■ **TASK INSTRUCTIONS**
Print the data exactly as written, but leave out each picture.

■ **DATA EXCERPT**
========================================

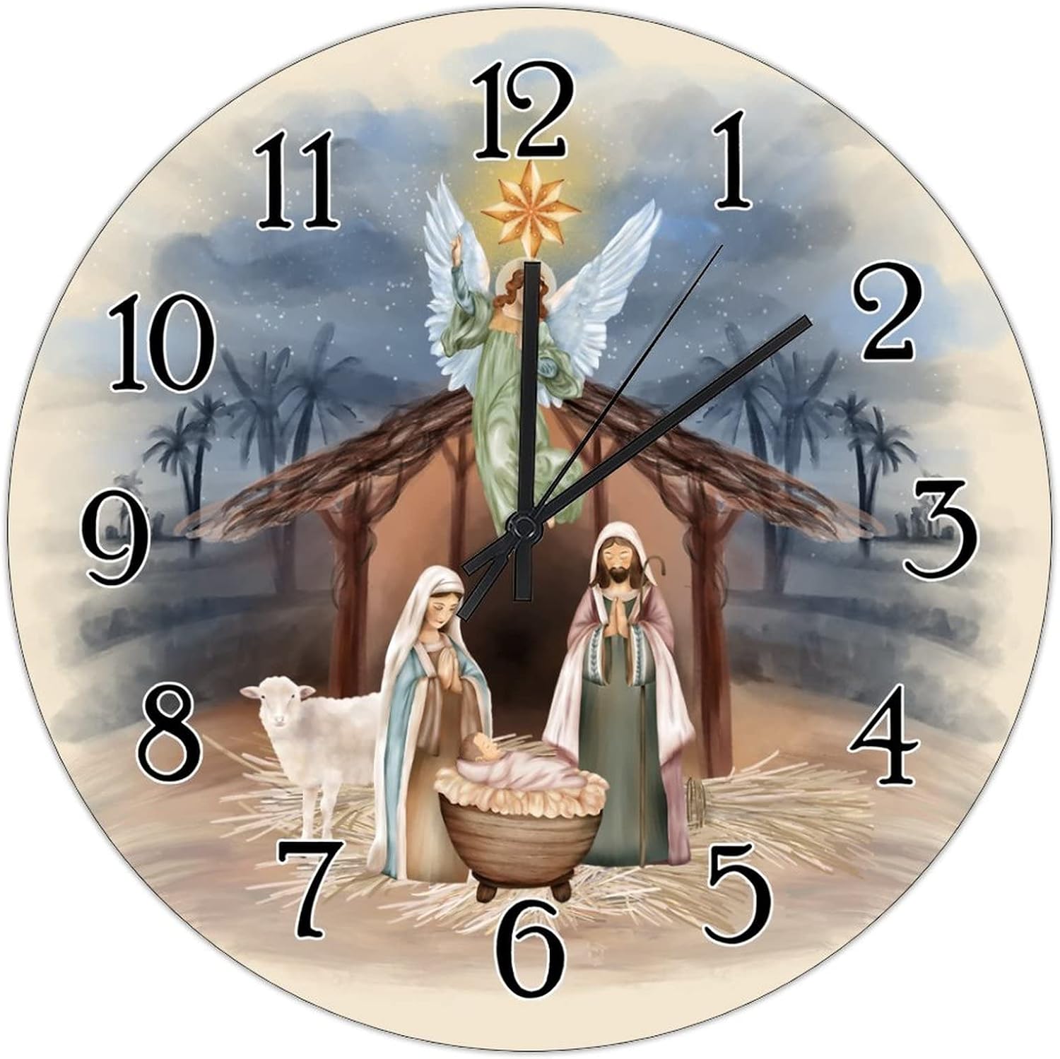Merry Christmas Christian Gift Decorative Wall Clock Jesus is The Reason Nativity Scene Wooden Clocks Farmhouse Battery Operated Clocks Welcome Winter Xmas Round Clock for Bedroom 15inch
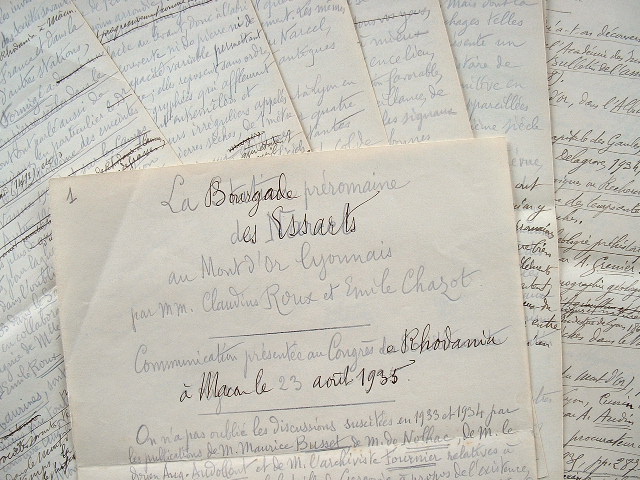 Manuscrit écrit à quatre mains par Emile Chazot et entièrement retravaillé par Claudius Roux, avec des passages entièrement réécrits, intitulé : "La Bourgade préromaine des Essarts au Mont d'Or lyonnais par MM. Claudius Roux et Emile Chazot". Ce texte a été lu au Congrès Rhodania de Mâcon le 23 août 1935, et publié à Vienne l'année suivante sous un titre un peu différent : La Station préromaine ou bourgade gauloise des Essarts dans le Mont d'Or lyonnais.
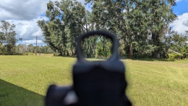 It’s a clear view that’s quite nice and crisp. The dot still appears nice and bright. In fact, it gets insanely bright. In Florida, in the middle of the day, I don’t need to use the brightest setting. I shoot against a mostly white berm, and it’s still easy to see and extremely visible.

========================================

■ **WRITTEN SOLUTION**
Merry Christmas Christian Gift Decorative Wall Clock Jesus is The Reason Nativity Scene Wooden Clocks Farmhouse Battery Operated Clocks Welcome Winter Xmas Round Clock for Bedroom 15inch
 Manuscrit écrit à quatre mains par Emile Chazot et entièrement retravaillé par Claudius Roux, avec des passages entièrement réécrits, intitulé : "La Bourgade préromaine des Essarts au Mont d'Or lyonnais par MM. Claudius Roux et Emile Chazot". Ce texte a été lu au Congrès Rhodania de Mâcon le 23 août 1935, et publié à Vienne l'année suivante sous un titre un peu différent : La Station préromaine ou bourgade gauloise des Essarts dans le Mont d'Or lyonnais.
 It’s a clear view that’s quite nice and crisp. The dot still appears nice and bright. In fact, it gets insanely bright. In Florida, in the middle of the day, I don’t need to use the brightest setting. I shoot against a mostly white berm, and it’s still easy to see and extremely visible.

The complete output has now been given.